The ugly truth is that I knew Asher only offended against his own siblings; it gave me a false sense of security that we could ultimately handle all the particularly gross aspects of his crimes “in-house.” Anyone who knew about our situation did so because of our initiation not because of their right to know. Even when our church leadership chose to disclose Asher’s crimes to a select group of families, we took comfort knowing we weren’t sharing because their children were victims. We were choosing to submit to our leadership out of deference and unity and to show ourselves reasonable at all times.

We were in control.

Until today.

During our visit, Asher disclosed new memories of participating in voyeurism and exhibitionism with two children in our extended circle. The events were years ago, and his natural tactic of avoidance and shame buried these two experiences deep in his mind. But as he is beginning to allow the steps of his rehabilitation to take effect, the healing is bringing to light deeper areas of shame.

At first, I desperately tried to reframe the situation in my mind. 9-year-old boys sometimes flash one another. “I’ll show you mine if you show me yours.” But Asher was not participating out of innocent curiosity. He used his slightly older age to create a power differential and coerced the other boy into exposing himself. It doesn’t matter that it was for less than 5 seconds. It doesn’t matter that there was no touching. Our son intentionally manipulated his friend into doing something for his own gratification.

There was no reframing available for the second situation. While at a friend’s house, Asher noticed his friend’s older sister getting ready to take a shower and used the opportunity of a door not fully closed to watch her without her knowledge. He readily stole something she was not offering in order to satisfy his own desires. Objectification at its finest.

These behaviors are the heartbeat of victimization. Using a person for your own needs without thought or consideration of them. Objectifying people and then rationalizing the behavior is a core value or belief that Asher must renounce in order to come home. If he doesn’t, he will reoffend.

Which makes these revelations good for our son while simultaneously making them incredibly hard for us.

The good part is that Asher recognizes these actions as wrong.
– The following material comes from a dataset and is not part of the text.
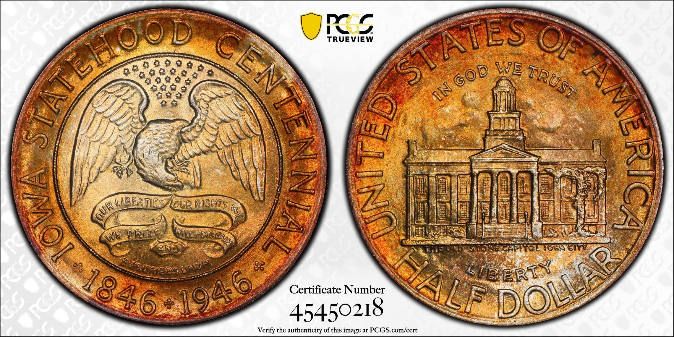 I have one last commemorative I want to post, but I think its toning sort of clashes with the toning of others I posted. So here, in a separate post, is an Iowa, graded MS68:

He is confessing them to us, to his leaders, and ultimately to law enforcement. He is not rationalizing that they aren’t that big of a deal or that he was so much younger when they occurred that they don’t pertain to his current situation. He is not trying to avoid them. He is facing the truth that he did these things for selfish reasons and that motivation, alone, makes them wrong.

The hard part is that we have a moral duty to engage with these two families and share with them what Asher did. We no longer have control over this situation. There are now people involved who own part of this story and can make of it what they will. They can press charges. They can share without discretion. They can blame us. They can do anything – because we can’t control them.

I can’t control this.

Suddenly my faith in the goodness of God must be the bedrock for everything. Nothing else will carry me. I can’t hide behind a lie that says, “At least Asher didn’t hurt anyone outside of our family.” I can’t force the situation to be something it is not, which means I can’t preach to my son the power and healing available through bringing things into the light and then refuse to do the same.

Just a few verses before Psalm 16:9 it reads:

By steadfast love and faithfulness iniquity is atoned for,
    and by the fear of the Lord one turns away from evil.
When a man’s ways please the Lord,
    he makes even his enemies to be at peace with him.
Psalm 16:6-7

So, I pray that God is pleased with Asher’s heart to choose confession. I pray Asher is beginning to fear the Lord and recognizes that he must turn away from all his evil ways in order to be healed. I pray that our efforts to connect with these two families are pleasing to God and that regardless of how they feel, Christ will bring peace between us. And lastly, I pray that as I continue to walk forward on the path my mind selected, I remain humble and teachable so I softly yield to the greater design that Jesus has upon me.